Her extraordinary gifts as a performer and her relentless dedication to her music have left her exceedingly vulnerable, however. Like so many musical artists, especially ones who achieve staggering success as adolescents, Ariana is facing the instability and existential uncertainty that often results from living in a bubble. The usual kinds of teenage paths to self-understanding are replaced too quickly by the constant demands and obligations of the performing artist.
Not only is the socialisation process stunted if not perverted, but there is far less time to solve basic questions of identity and direction in life because they have already been settled – at least formally. Grande, however, has a high degree of self-awareness that has allowed her to take her anxiety public and engage with her fans in painfully confessional tones via Twitter.

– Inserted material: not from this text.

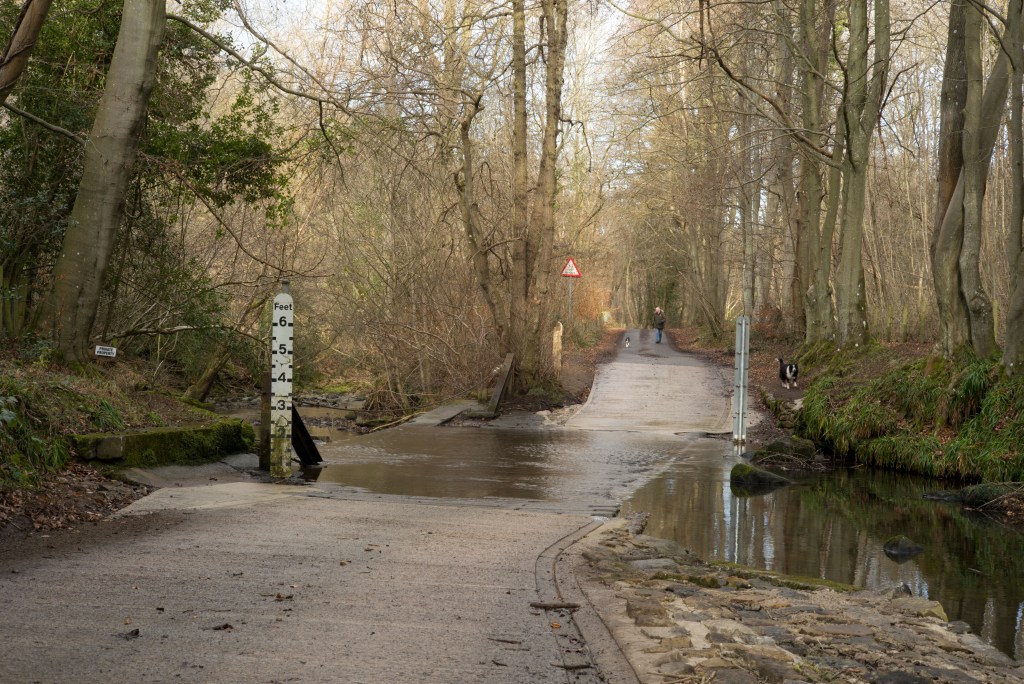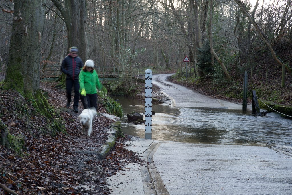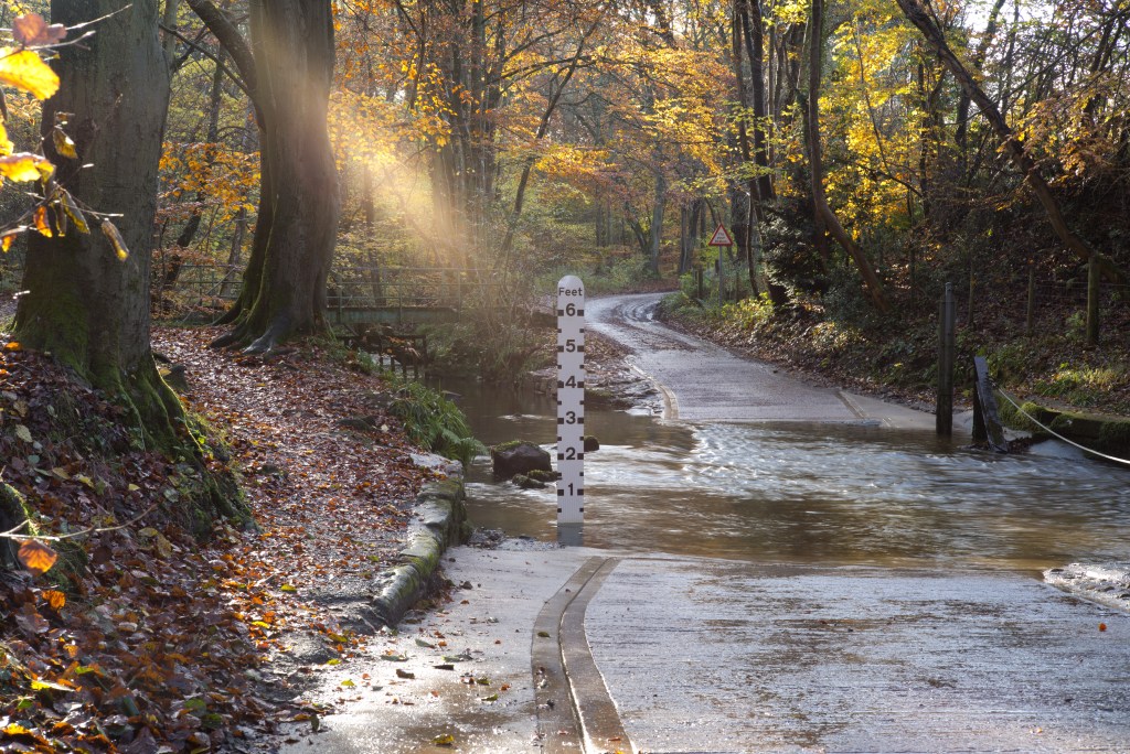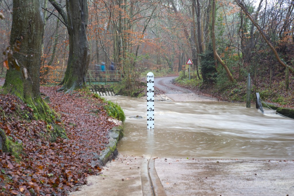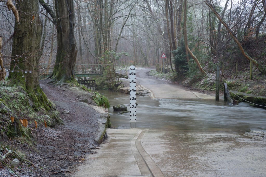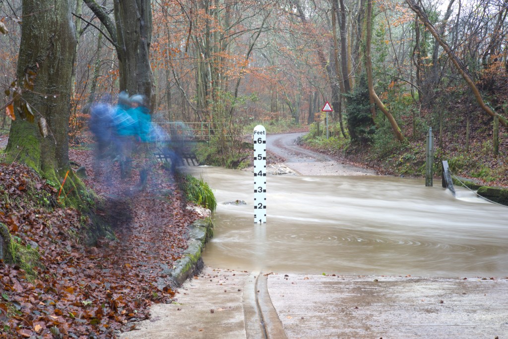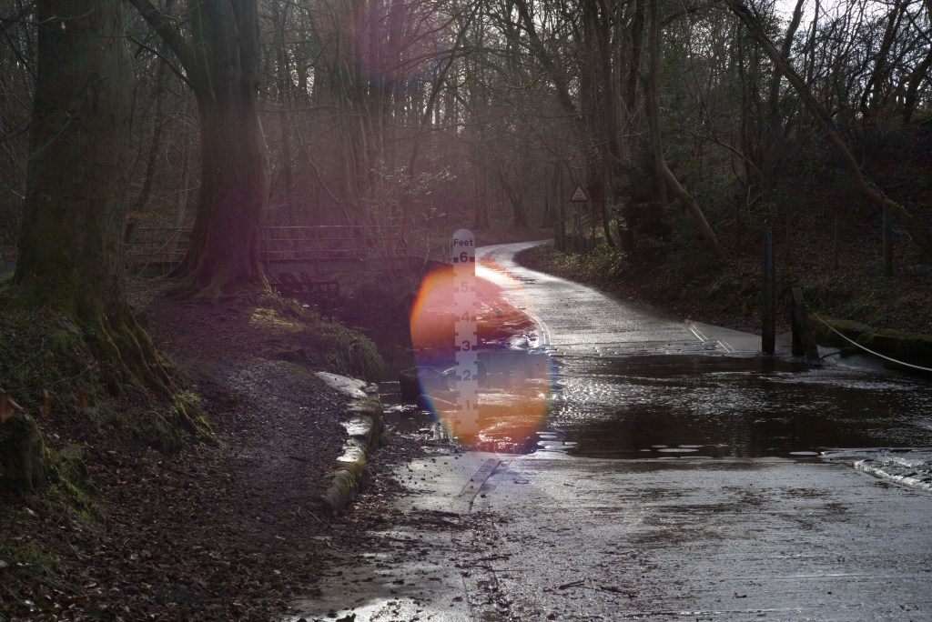 I have at last made a start shooting for this exercise. For now I have shot only the ford and will follow up with the fall back plans (on which I have had some more thought) later. I made a start now, despite the fact that the weather was quite bad today, to take advantage of the significant flow of water through the ford as a result of very heavy rain overnight. Despite the volume of rain over the last couple of weeks the water level had fallen back to just a couple of inches by yesterday. Today, on the upstream side, the water was almost two feet deep.

“Someday, when I’m feeling ready or when I’m more healed up, we can talk more about [PTSD]…I am constantly working on my health/ learning how to process pain (aren’t we all). Every day is different but I’m doing my best.”
She’s also understood the unpredictable dynamic of anxiety and how it can assert itself without warning and without any seemingly direct connection with the current state of one’s life. Grande, as is her nature, is even apologetic about having to admit to her condition.
“I almost feel guilty that I have it [anxiety] because it’s just in your head and it’s just so crazy how powerful it is. You have ups and downs and sometimes you’ll go weeks at a time where you will be crushing it and there will be no anxiety…and then something will happen that can trigger it and then you have a couple of down days.”
More importantly, however, she has been straightforward in advising people to seek professional help when needed and plaintively asking her fans to not to give in to the stigma that still, however inexplicably, surrounds mental illness.
“In all honesty therapy has saved my life so many times. If you’re afraid to ask for help, don’t be. You don’t have to be in constant pain and you can process trauma. I’ve got a lot of work to do but it’s a start to even be aware that it’s possible.”
Above all, Ariana Grande is a fighter. She has faced up to every obstacle that has been thrown in her way and remained steadfast in her willingness to engage with her public as openly as possible. Though she occasionally wobbles when it comes to the men in her life, she never wavers when it comes to her fans. Just as Ariana’s voice exerts a quasi-hypnotic sway over her fans, her spirit should be equally empowering.